Katarina Domijan, Trinity College Dublin

Title:  "VARIABLE SELECTION VIA DECISION THEORY FOR A BAYESIAN KERNEL CLASSIFICATION METHOD"

with Simon P. Wilson.

Abstract:

We consider the problem of optimal Bayesian design for a variable
selection problem in a multi-category classification model based
on the theory of reproducing kernel Hilbert spaces (RKHS). The
kernel classifier has a hierarchical prior structure and is
treated with a fully Bayesian inference procedure. The Gibbs
sampler is implemented to find the posterior distributions of the
parameters. One nice side-effect of this approach is that it
allows us to compute samples from the distributions of the class
probabilities, which give a more complete picture of the
classification. Kernel classifiers are typically aimed at $n<<p$
problems and we apply the approach to some benchmark data sets as
well as a highly dimensional micro-array data set. Another nice
feature of the model is that it achieves good classification
results without any pre-processing or data reduction. However, the
kernel classifier is highly dimensional and over-parameterized,
hence we consider Bayesian decision theory to reduce its
complexity.
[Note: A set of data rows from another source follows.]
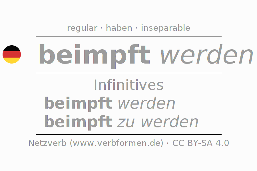 The conjugation of beimpfen in Infinitive Present Perfect base form Passive is beimpft werden, beimpft zu werden.The conjugation corresponds to certain grammatical rules. Likewise the requirements for the conjugation of the simple verb forms of beimpfen in Infinitive. Comments ☆
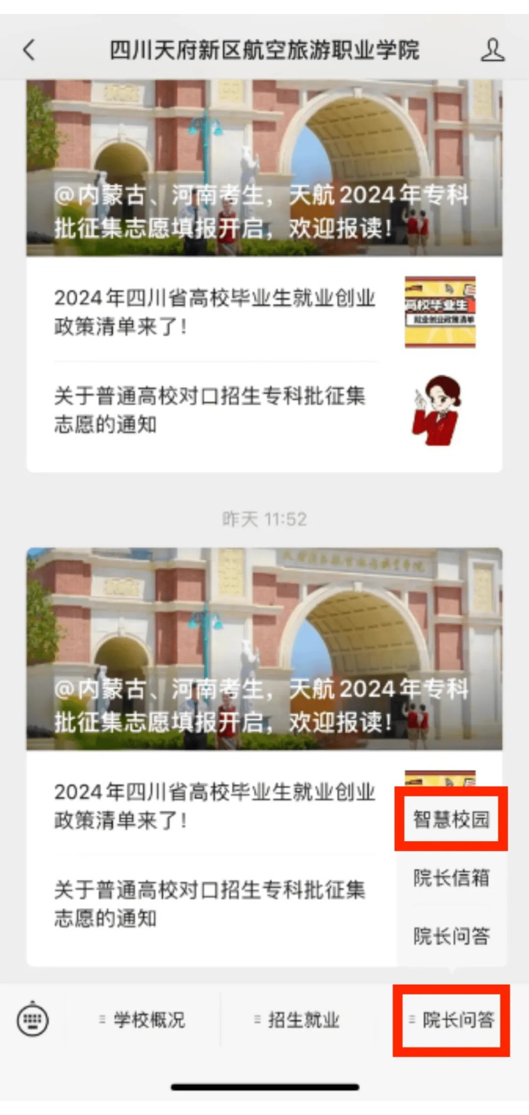 進入微信公眾號,點擊頁面右下角“院長問答”,選擇“智慧校園”;
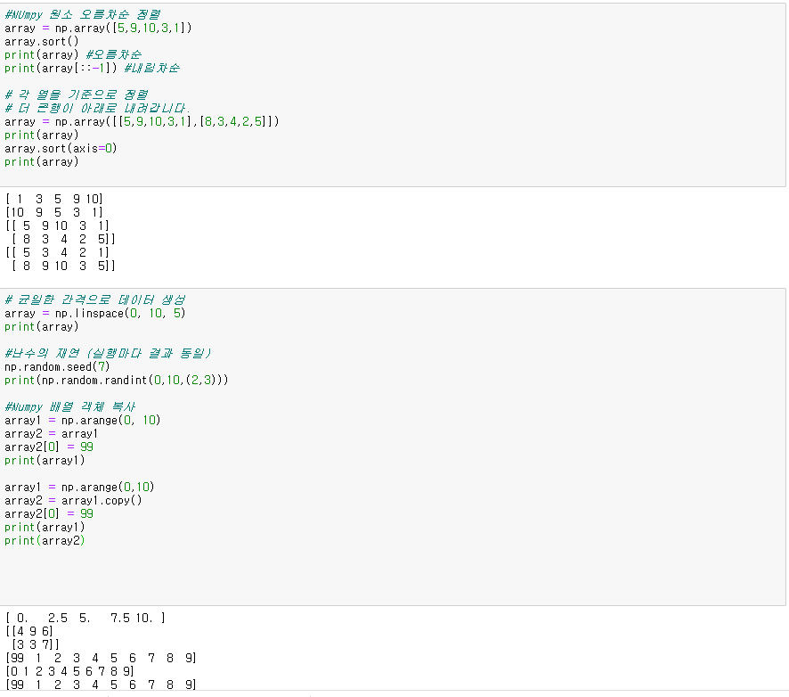 | Numpy(저장, 불러오기, 정렬, 균일한 간격으로 데이터 생성, 중복 원소 제거) (0) | 2019.12.23 |
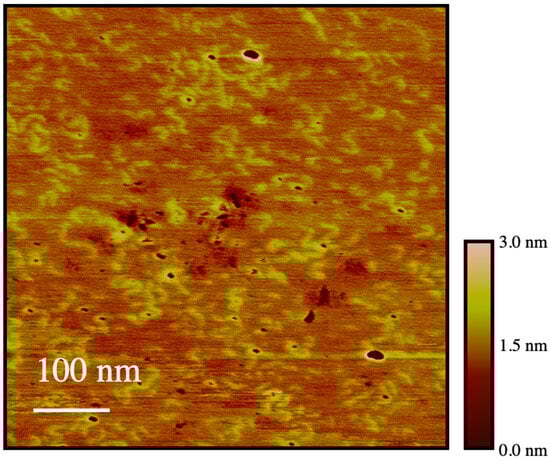 Furthermore, the AFM image shown in Figure 9 clearly demonstrates the presence of isolated macromolecules with no indication of aggregation. This observation eliminates the possibility that PEG19MA could aggregate, as has been found for PBBs prepared with longer poly(ethylene oxide) side chains, which have been shown to crystalize resulting in the formation of crystalsomes [34]. Figure 9 demonstrates that this is not the case for PEG19MA. Although the chains observed in Figure 9 show some curvature, the steric hindrance generated by their side chains prevents them from adopting a fully coiled conformation.
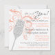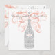 Botella de plata/gris diseñada de encaje moderna del champán adornada con las burbujas, las uvas, las vides y los pájaros del amor. Una explosión del melocotón/del aerosol rosado termina esta diversión con todo la tarjeta elegante. El otro papel secundario al champán/a la copa de vino de encaje del estilo. Muy único y grande para el compromiso, la ducha nupcial, los fiestas de Bachelorette o las celebraciones de la noche de los chicas hacia fuera. Modifique esta invitación para requisitos particulares con su propio texto. Ilustracion original por el pj_design.
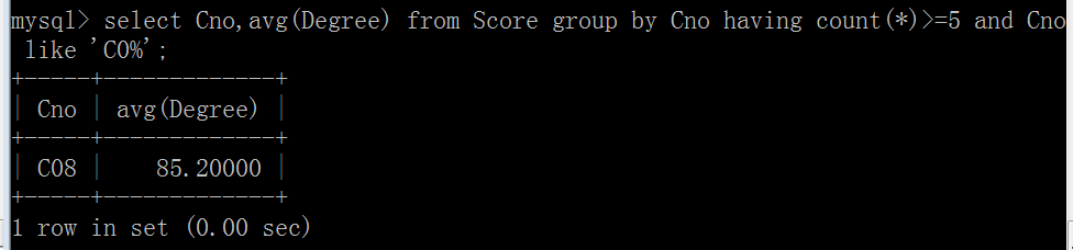 (12)查询Score表中至少有5名学生选修的并以C0开头的课程的平均分数:
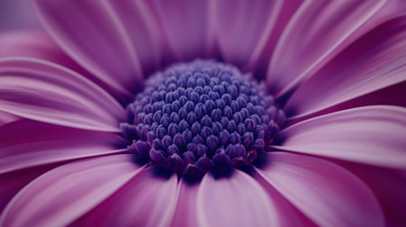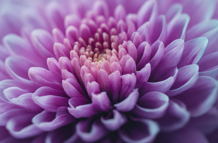 This close-up showcases a radiant purple chrysanthemum, its numerous petals forming a detailed, textured pattern. The image displays a soft focus with a gradient of colors from light edges to deeper hues. This aesthetic is suitable for various uses, including editorial content, design projects, and decorative purposes.
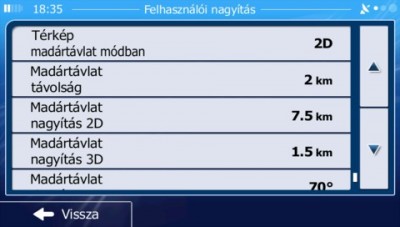 Többé kevésbé sikerült beállítanom a megfelelő értékű, felhasználói nagyítást. Automatikus madártávlatot kikapcsoltam, mert engem idegesít, hogyha indulás előtt szeretnék valamit nézni a vezető képernyőn: rábökök, majd a térképet odébb húzom, akkor nem engedi a műveletet, egyszerűen visszaugrik a képernyő, s nem reagál pl. a zoom-ra sem!

The decision space is the set of all possible subsets
of variables, which is discrete and highly dimensional. This
translates to a stochastic optimization problem, where the optimal
decision maximizes the expected utility function with respect to
all the unknowns, including the model parameters and future data.
We consider some stochastic optimization methods, in particular
Taboo Search (\cite{glover77}) and Inhomogenous MCMC
(\cite{muller04}),a method closely related to simulated annealing
whose limiting distribution is the optimal solution. The
Inhomogenous MCMC is aimed at design problems, such us our
application, where the utility function is not available for
direct evaluation, instead it is computed through simulation.




P. Muller, B. Sanso and M. De Iorio.
 Optimal Bayesian Design by Inhomogeneous Markov Chain Simulation.
 {\em J. Am. Stat. Assoc.}, 99:467:788--798, 2004.

F. Glover.
Heuristics for Integer Programming Using Surrogate Constraints.
{\em Decision Sciences}, 8:156--166, 1977.